Warning: although `.decode()` can be applied to single tokens, beware that it can be lossy for tokens that aren't on utf-8 boundaries.

For single tokens, `.decode_single_token_bytes()` safely converts a single integer token to the bytes it represents.

In [9]:
[encoding.decode_single_token_bytes(token) for token in [83, 8251, 2488, 382, 2212, 0]]

[b't', b'ikt', b'oken', b' is', b' great', b'!']

(The `b` in front of the strings indicates that the strings are byte strings.)

## 5. Comparing encodings

Different encodings vary in how they split words, group spaces, and handle non-English characters.
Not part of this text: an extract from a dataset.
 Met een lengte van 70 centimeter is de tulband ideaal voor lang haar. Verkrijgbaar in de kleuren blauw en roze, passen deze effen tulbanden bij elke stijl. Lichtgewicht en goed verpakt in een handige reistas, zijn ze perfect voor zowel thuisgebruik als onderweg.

Using the methods above, we can compare different encodings on a few example strings.

In [10]:
def compare_encodings(example_string: str) -> None:
    """Prints a comparison of three string encodings."""
    # print the example string
    print(f'\nExample string: "{example_string}"')
    # for each encoding, print the # of tokens, the token integers, and the token bytes
    for encoding_name in ["r50k_base", "p50k_base", "cl100k_base", "o200k_base"]:
        encoding = tiktoken.get_encoding(encoding_name)
        token_integers = encoding.encode(example_string)
        num_tokens = len(token_integers)
        token_bytes = [encoding.decode_single_token_bytes(token) for token in token_integers]
        print()
        print(f"{encoding_name}: {num_tokens} tokens")
        print(f"token integers: {token_integers}")
        print(f"token bytes: {token_bytes}")

In [11]:
compare_encodings("antidisestablishmentarianism")
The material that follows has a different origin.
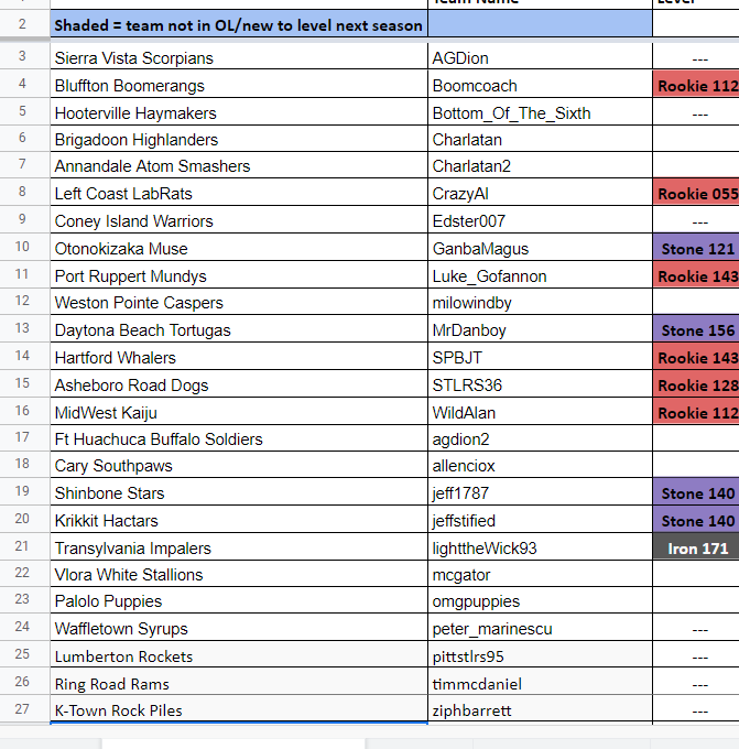 This season, Southpaws and Caspers will be in OL, and are in entry pool now ready for Rookie league next season. I have just completed making sure they both have OL-compliant rosters. Here is the detailed info: id: allenciox team: Cary Southpaws id: milowindby team: Weston Pointe Caspers Those names are placeholders for now until I figure out better long-term names for them (Southpaws are not actually lefties at this point).

Example string: "antidisestablishmentarianism"

r50k_base: 5 tokens
token integers: [415, 29207, 44390, 3699, 1042]
token bytes: [b'ant', b'idis', b'establishment', b'arian', b'ism']

p50k_base: 5 tokens
token integers: [415, 29207, 44390, 3699, 1042]
token bytes: [b'ant', b'idis', b'establishment', b'arian', b'ism']

cl100k_base: 6 tokens
token integers: [519, 85342, 34500, 479, 8997, 2191]
token bytes: [b'ant', b'idis', b'establish', b'ment', b'arian', b'ism']

o200k_base: 6 tokens
token integers: [493, 129901, 376, 160388, 21203, 2367]
token bytes: [b'ant', b'idis', b'est', b'ablishment', b'arian', b'ism']


In [12]:
compare_encodings("2 + 2 = 4")


Example string: "2 + 2 = 4"

r50k_base: 5 tokens
token integers: [17, 1343, 362, 796, 604]
token bytes: [b'2', b' +', b' 2', b' =', b' 4']

p50k_base: 5 tokens
token integers: [17, 1343, 362, 796, 604]
token bytes: [b'2', b' +', b' 2', b' =', b' 4']

cl100k_base: 7 tokens
token integers: [17, 489, 220, 17, 284, 220, 19]
token bytes: [b'2', b' +', b' ', b'2', b' =', b' ', b'4']

o200k_base: 7 tokens
token integers: [17, 659, 220, 17, 314, 220, 19]
token bytes: [b'2', b' +', b' ', b'2', b' =', b' ', b'4']


In [13]:
compare_encodings("السلام علیکم ، کیسے ہیں آپ؟")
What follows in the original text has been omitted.